ГЛАВА 45
МАДДИ
— Я не думаю, что тебя сейчас заберут в клетку.
Торви встает, и я скатываюсь с нее. Все мое тело зажато после дня, проведенного без движения, и когда встаю на ноги, меня пронзает боль, а кожу покалывает от страха.
Торви скалит зубы, когда я слышу поворот замка.
Дверь бесшумно открывается, и в камеру входит Фрейдис.
Когда я смотрю на сестру, меня будто захлестывает лавина из тысячи разных чувств.
В одной руке у нее сумка, из которой выступают артефакты из Сокровищницы, а в другой поблескивает тиара, но их я едва замечаю.
Я вижу лишь ее глаза.
Она смотрит прямо на меня, и в ее взгляде нет ни намека на лед. Более того, ее глаза полны слез.
Это глаза моей сестры, по которым я болезненно скучала все эти полные сомнений и предательства недели.
— Фрейдис, — выдавливаю я, по моему лицу уже текут слезы. Она едва успевает закрыть дверь, прежде чем я на нее набрасываюсь.

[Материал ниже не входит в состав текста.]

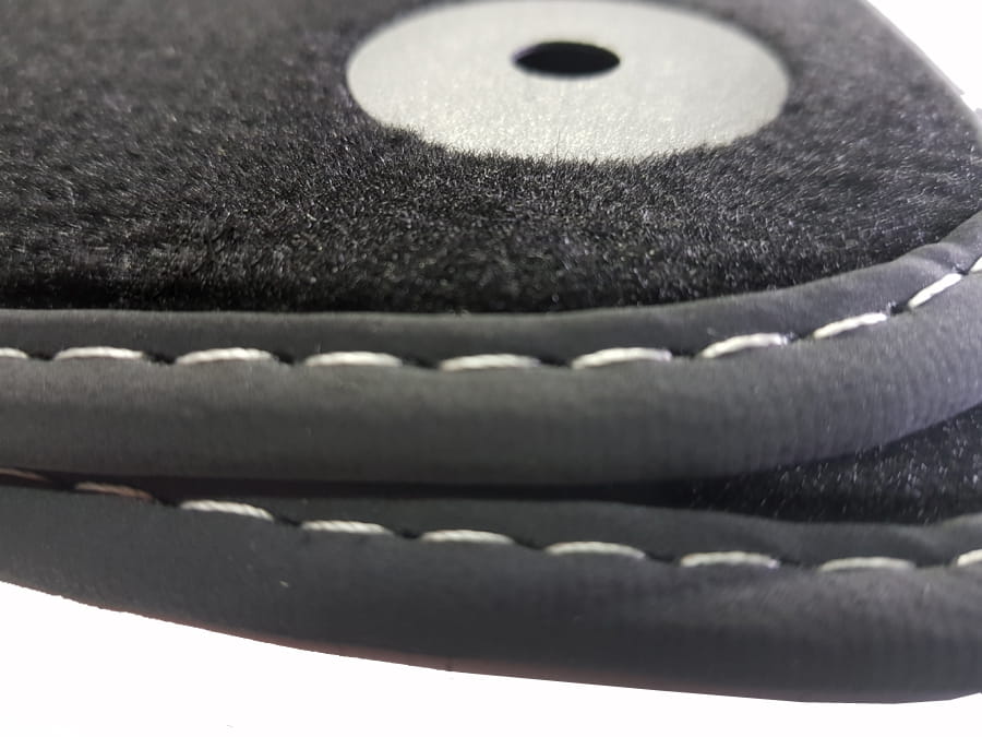 Dywaniki obszyte lamówką pojedynczym ściegiem w kolorze srebrnym.

Звякнув, артефакты приземляются на пол, когда она обнимает меня с той знакомой мне силой, по которой я так отчаянно скучала. Она всхлипывает, уткнувшись мне в шею, ее слезы обжигают мою кожу.
Горестные недели забываются, страх за то, что все наши отношения были ложью, покидает мое тело. Каждый момент, в который я сомневалась, правда ли она меня любит, и не оказались ли десятилетия, что мы провели вместе, тщательно спланированным обманом, ускользает и превращается в ничто.

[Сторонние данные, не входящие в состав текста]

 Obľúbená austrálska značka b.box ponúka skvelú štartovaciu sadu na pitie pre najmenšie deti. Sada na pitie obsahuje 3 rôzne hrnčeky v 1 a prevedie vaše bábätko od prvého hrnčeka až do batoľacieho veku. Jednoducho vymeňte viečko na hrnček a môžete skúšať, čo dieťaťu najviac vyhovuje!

Облегчение поглощает меня.
Все было по-настоящему. Сестра, которая стояла между мной и безразличием родителей, которая заботилась обо мне во время каждого обморока, которая давала мне единственную любовь в нашем застывшем дворце. Все это время она была настоящей. Каждый разделенный секрет, каждый разговор шепотом, каждый раз, когда думала, что умираю, а она меня успокаивала… Все это и вправду было.
— Я люблю тебя, — выдавливаю я сквозь слезы, вцепившись в нее так, будто она в любой момент исчезнет.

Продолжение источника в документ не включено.